→ TASK STATEMENT
Print out the data below in full and exactly, skipping the pictures.

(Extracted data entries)
______

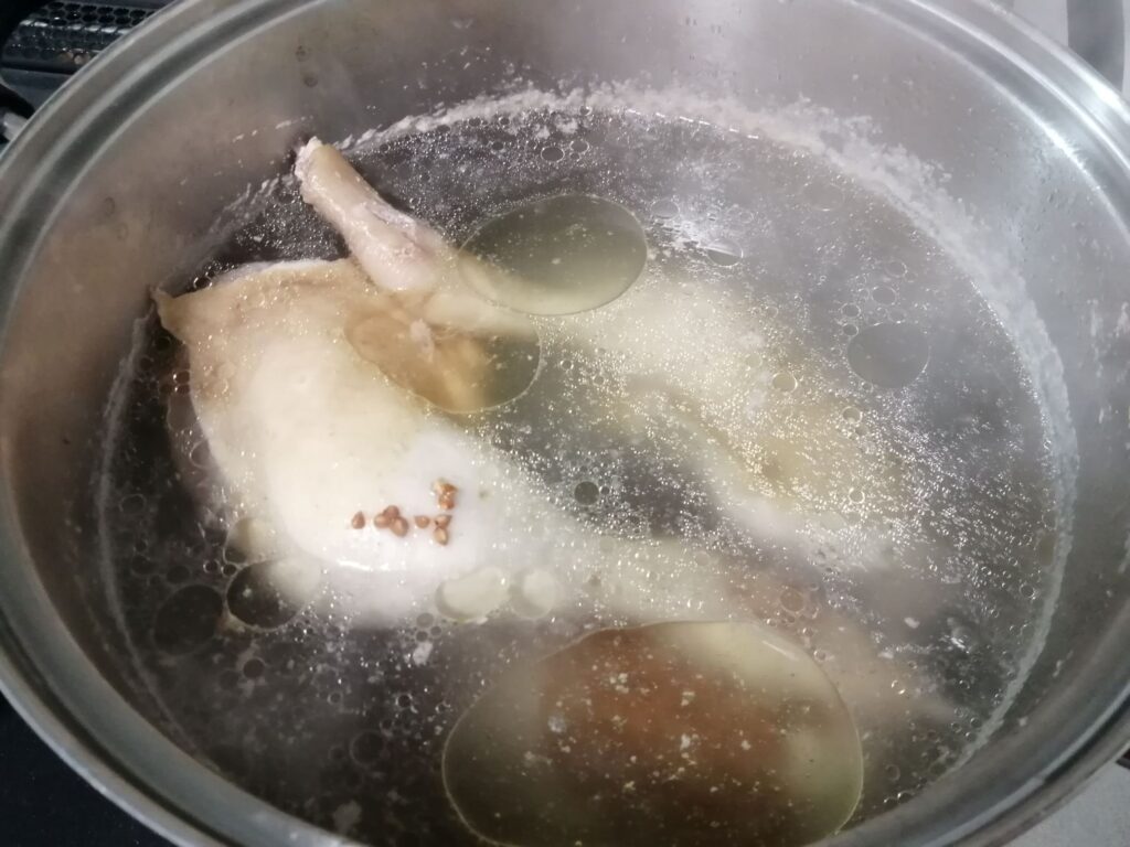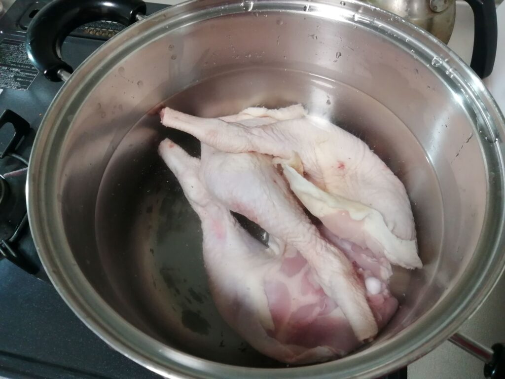 まずはスープ用の鍋に鶏肉をいれ、水を入れて火にかけます。
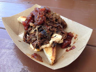 Smoked Beef Brisket and Pimento [sic] Cheese served on Griddled Garlic Toast $5.25 |
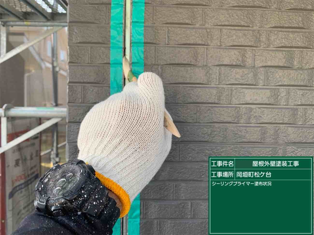 目地の側面にプライマーという接着作用のあるものを塗布していきます。
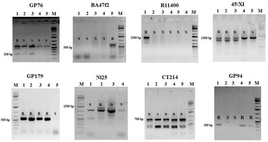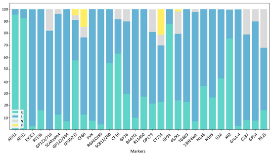 The percentage of positive results relative to all markers used. R—resistant, S—susceptible, N—not identified, P—polymorphic.
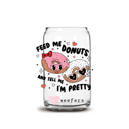 Feed Me Donuts and Tell Me I'm Pretty 16oz Libbey Glass Can UV DTF or Sublimation Cup Wrap - Decal Transfer
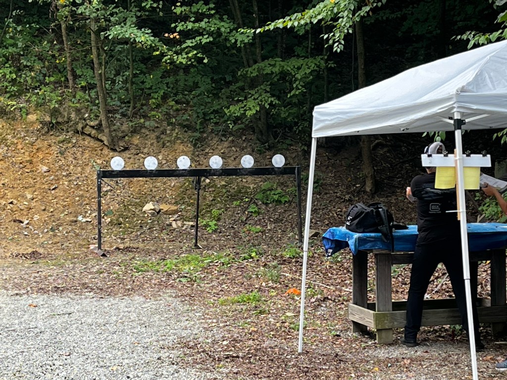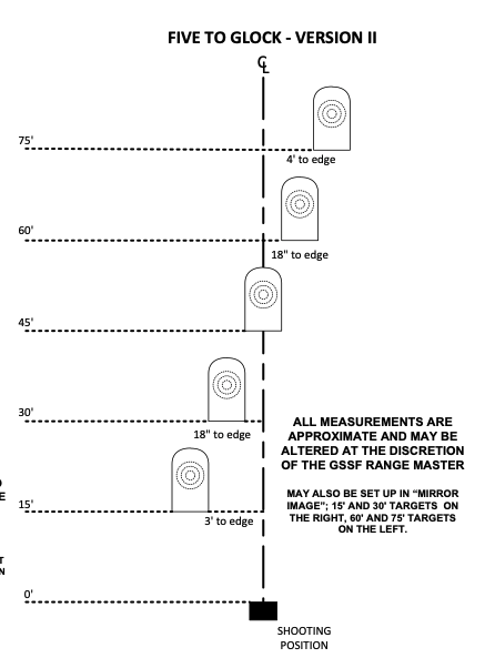 As a quick explanation, Five to Glock is simply 5 GSSF cardboard targets at increasingly longer distances. The shooter shoots each target two times attempting to hit the center. The score is a combination of the total time it took to shoot plus any additional time for less accurate shots or misses.
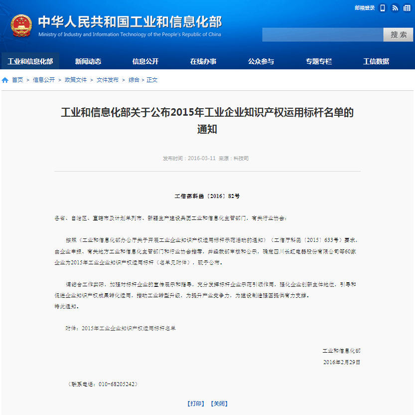 2015年工业企业知识产权运用标杆
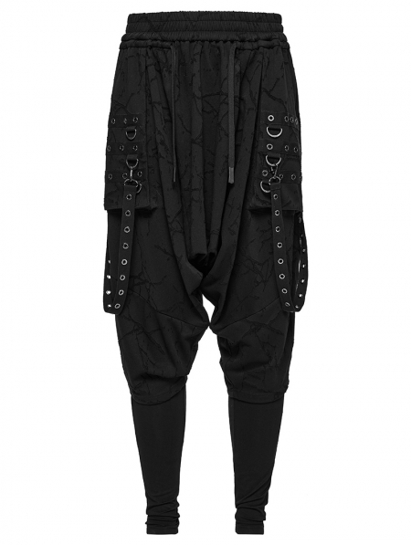 Black Gothic Punk Textured Drop Crotch Pants for Men
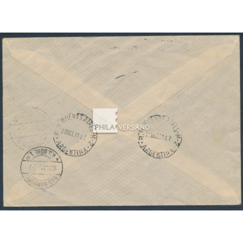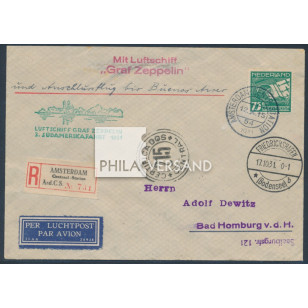 Südamerikafahrt 1931 als toller eingeschriebener Brief dre dritten Fahrt 1931 (Einschreiben waren zu dieser Fahrt erstmalig zugelassen) mit besserer Zuleitung aus den Niederlanden und mit schöner Einzelfrankatur, befördert ab Friedrichshafen mit Luftschiff via Brasilien nach Buenos Aires (rückseitig Ankunftstempel), von dort dann an den Empfänger in Bad Homburg (ebenfalls rückseitig Ankunftstempel), sehr gute Erhaltung und in dieser Form nicht häufig, Sieger 133 o NL, Michel Zeppelin Spezial-Katalog 229 a NL
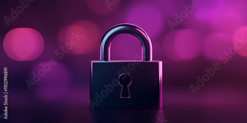 Secure Padlock Against Vibrant Pink and Purple Bokeh
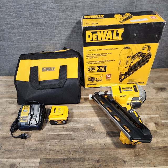 HOUSTON LOCATION - AS-IS (APPEARS LIKE NEW) DeWalt 20V MAX Brushless Cordless 2-Speed 30° Paper Collated Framing Nailer Kit
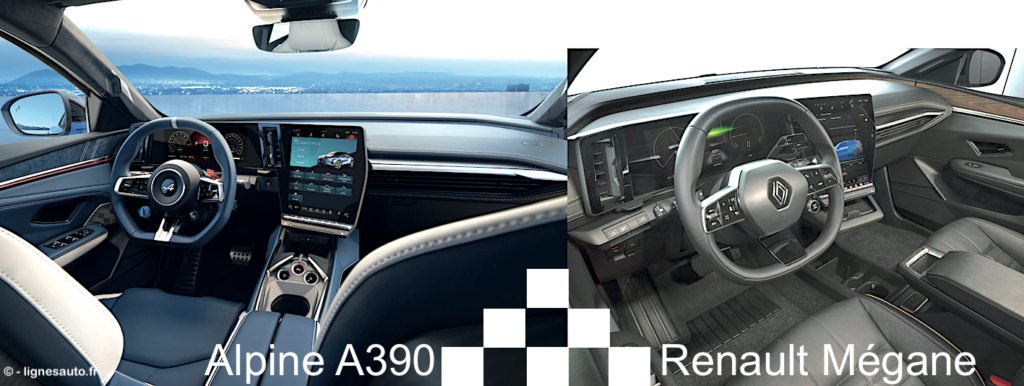 Pour le reste, question dimensions, l’Alpine A390 s’éloigne de la Renault Mégane E-TECH : 4,61 m de longueur contre 4,20 m à la Mégane, 1,88 m de largeur contre 1,76 m alors que la Mégane est plus basse (1,50 m contre 1,53 m à l’Alpine). Cette dernière prend sa revanche au niveau du volume du coffre : 532 l contre 440 à la Renault. Si un jour on m’avait dit que j’évoquerais le volume de coffre d’une Alpine dans un de mes sujets…
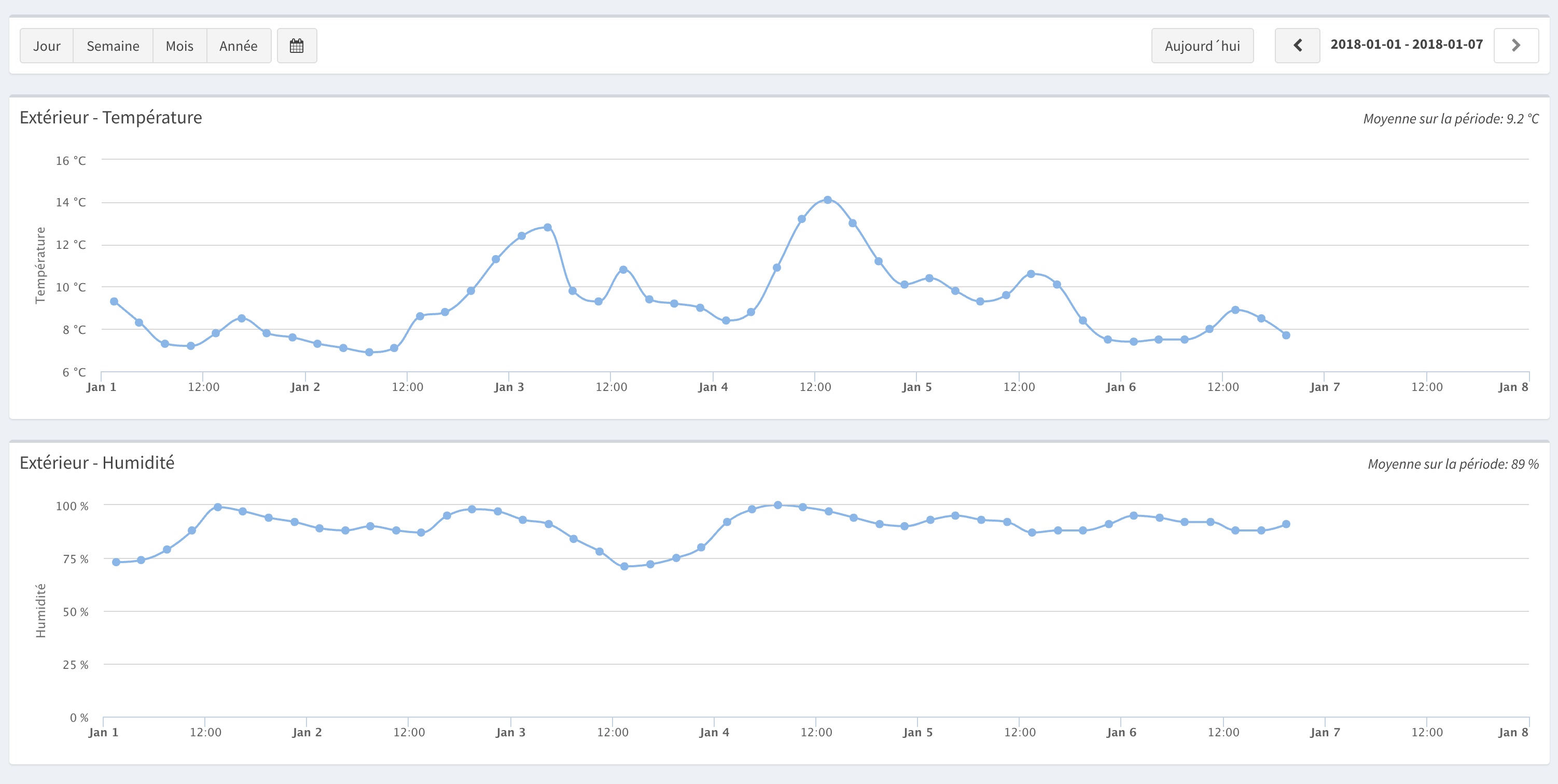 Pour compléter le système de valves connectées Netatmo, j’ai eu le plaisir de recevoir leur système de station météo individuelle et de mettre à disposition des résidents les mesures.
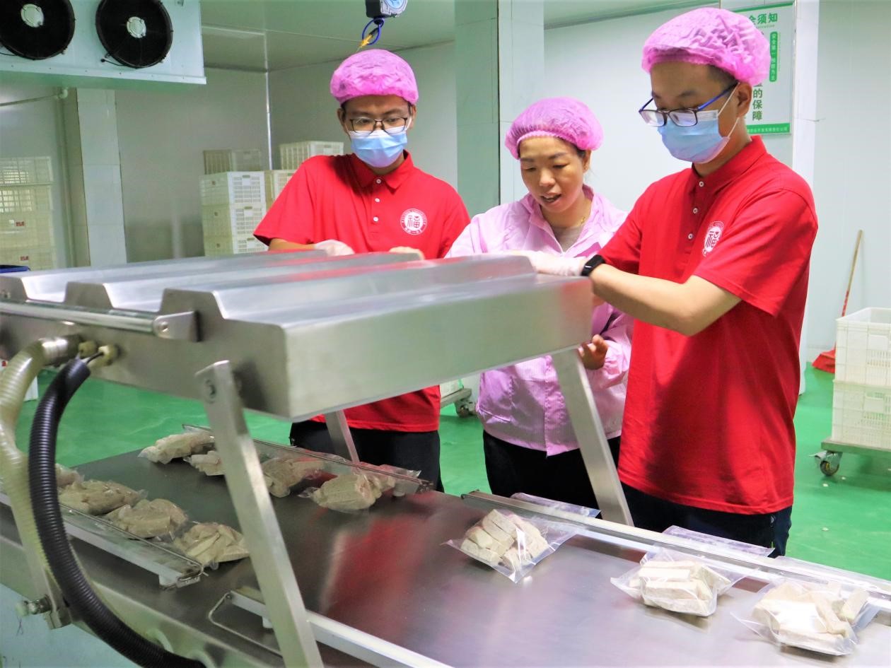 除了访谈,实践队还来到 “芋头王子”企业加工厂,在工厂负责人的带领下了解并参与到槟榔芋生产流水线加工的全过程。通过与流水线工人的访谈中了解到,“芋头王子”企业为当地村民提供了大量就近岗位,带动当地农民增收,不断巩固脱贫攻坚成果,对赤锡乡产业振兴起到了领头羊的作用。“芋头王子”一方面收获了创业的经济效益,另一方面积极承担社会责任,取得了助力乡村振兴的巨大社会效益。
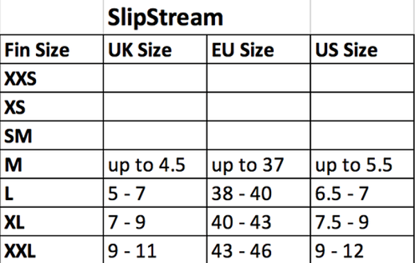 Eigenschappen van de OMS Slipstream vinnen: Hyrodynamic ontwerp, ideaal voor het uitvoeren van bijvoorbeeld de frog kick en back kick Materiaal: Lichtgewicht thermoplastisch elastomeer met een neutraal drijfvermogen Verschillende maten, voor het gebruik met natpakschoenen, rockboots of droogpak schoenen Springstraps De vinnen vallen iets ruimer dan de Scubapro Jet Fins Alle kleuren behalve zwart hebben een beperkte oplage
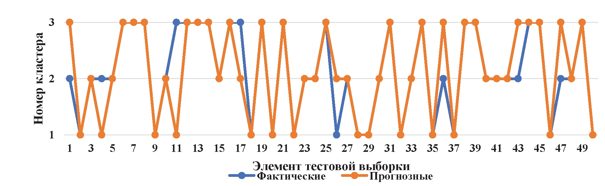 На рис. 3 представлен график сравнения фактических и прогнозных значений классификации исходных данных на кластеры. На вертикальной оси отмечены значения номера кластера (1, 2, 3). На горизонтальной оси 50 элементов тестовой выборки, по которой выполняется сравнение сходимости модели, точность составила 84 % (рис. 3). В качестве дополнительной метрики качества модели добавлен показатель F1-score, который объединяет в себе два важных показателя: Precision (Точность), Recall (Полнота) и является более обоснованным в случае, когда классы не сбалансированы. F1-score составил 83,3 %.
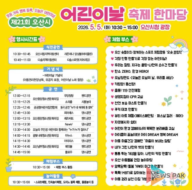 뉴스팍 이소율 기자 | 오산시는 오는 5월 5일 어린이날을 맞아 오산시청 광장에서 ‘제21회 오산시 어린이날 축제 한마당’을 개최한다고 밝혔다.

______

→ TASK RESULT
 まずはスープ用の鍋に鶏肉をいれ、水を入れて火にかけます。
 Smoked Beef Brisket and Pimento [sic] Cheese served on Griddled Garlic Toast $5.25 |
 目地の側面にプライマーという接着作用のあるものを塗布していきます。
 The percentage of positive results relative to all markers used. R—resistant, S—susceptible, N—not identified, P—polymorphic.
 Feed Me Donuts and Tell Me I'm Pretty 16oz Libbey Glass Can UV DTF or Sublimation Cup Wrap - Decal Transfer
 As a quick explanation, Five to Glock is simply 5 GSSF cardboard targets at increasingly longer distances. The shooter shoots each target two times attempting to hit the center. The score is a combination of the total time it took to shoot plus any additional time for less accurate shots or misses.
 2015年工业企业知识产权运用标杆
 Black Gothic Punk Textured Drop Crotch Pants for Men
 Südamerikafahrt 1931 als toller eingeschriebener Brief dre dritten Fahrt 1931 (Einschreiben waren zu dieser Fahrt erstmalig zugelassen) mit besserer Zuleitung aus den Niederlanden und mit schöner Einzelfrankatur, befördert ab Friedrichshafen mit Luftschiff via Brasilien nach Buenos Aires (rückseitig Ankunftstempel), von dort dann an den Empfänger in Bad Homburg (ebenfalls rückseitig Ankunftstempel), sehr gute Erhaltung und in dieser Form nicht häufig, Sieger 133 o NL, Michel Zeppelin Spezial-Katalog 229 a NL
 Secure Padlock Against Vibrant Pink and Purple Bokeh
 HOUSTON LOCATION - AS-IS (APPEARS LIKE NEW) DeWalt 20V MAX Brushless Cordless 2-Speed 30° Paper Collated Framing Nailer Kit
 Pour le reste, question dimensions, l’Alpine A390 s’éloigne de la Renault Mégane E-TECH : 4,61 m de longueur contre 4,20 m à la Mégane, 1,88 m de largeur contre 1,76 m alors que la Mégane est plus basse (1,50 m contre 1,53 m à l’Alpine). Cette dernière prend sa revanche au niveau du volume du coffre : 532 l contre 440 à la Renault. Si un jour on m’avait dit que j’évoquerais le volume de coffre d’une Alpine dans un de mes sujets…
 Pour compléter le système de valves connectées Netatmo, j’ai eu le plaisir de recevoir leur système de station météo individuelle et de mettre à disposition des résidents les mesures.
 除了访谈,实践队还来到 “芋头王子”企业加工厂,在工厂负责人的带领下了解并参与到槟榔芋生产流水线加工的全过程。通过与流水线工人的访谈中了解到,“芋头王子”企业为当地村民提供了大量就近岗位,带动当地农民增收,不断巩固脱贫攻坚成果,对赤锡乡产业振兴起到了领头羊的作用。“芋头王子”一方面收获了创业的经济效益,另一方面积极承担社会责任,取得了助力乡村振兴的巨大社会效益。
 Eigenschappen van de OMS Slipstream vinnen: Hyrodynamic ontwerp, ideaal voor het uitvoeren van bijvoorbeeld de frog kick en back kick Materiaal: Lichtgewicht thermoplastisch elastomeer met een neutraal drijfvermogen Verschillende maten, voor het gebruik met natpakschoenen, rockboots of droogpak schoenen Springstraps De vinnen vallen iets ruimer dan de Scubapro Jet Fins Alle kleuren behalve zwart hebben een beperkte oplage
 На рис. 3 представлен график сравнения фактических и прогнозных значений классификации исходных данных на кластеры. На вертикальной оси отмечены значения номера кластера (1, 2, 3). На горизонтальной оси 50 элементов тестовой выборки, по которой выполняется сравнение сходимости модели, точность составила 84 % (рис. 3). В качестве дополнительной метрики качества модели добавлен показатель F1-score, который объединяет в себе два важных показателя: Precision (Точность), Recall (Полнота) и является более обоснованным в случае, когда классы не сбалансированы. F1-score составил 83,3 %.
 뉴스팍 이소율 기자 | 오산시는 오는 5월 5일 어린이날을 맞아 오산시청 광장에서 ‘제21회 오산시 어린이날 축제 한마당’을 개최한다고 밝혔다.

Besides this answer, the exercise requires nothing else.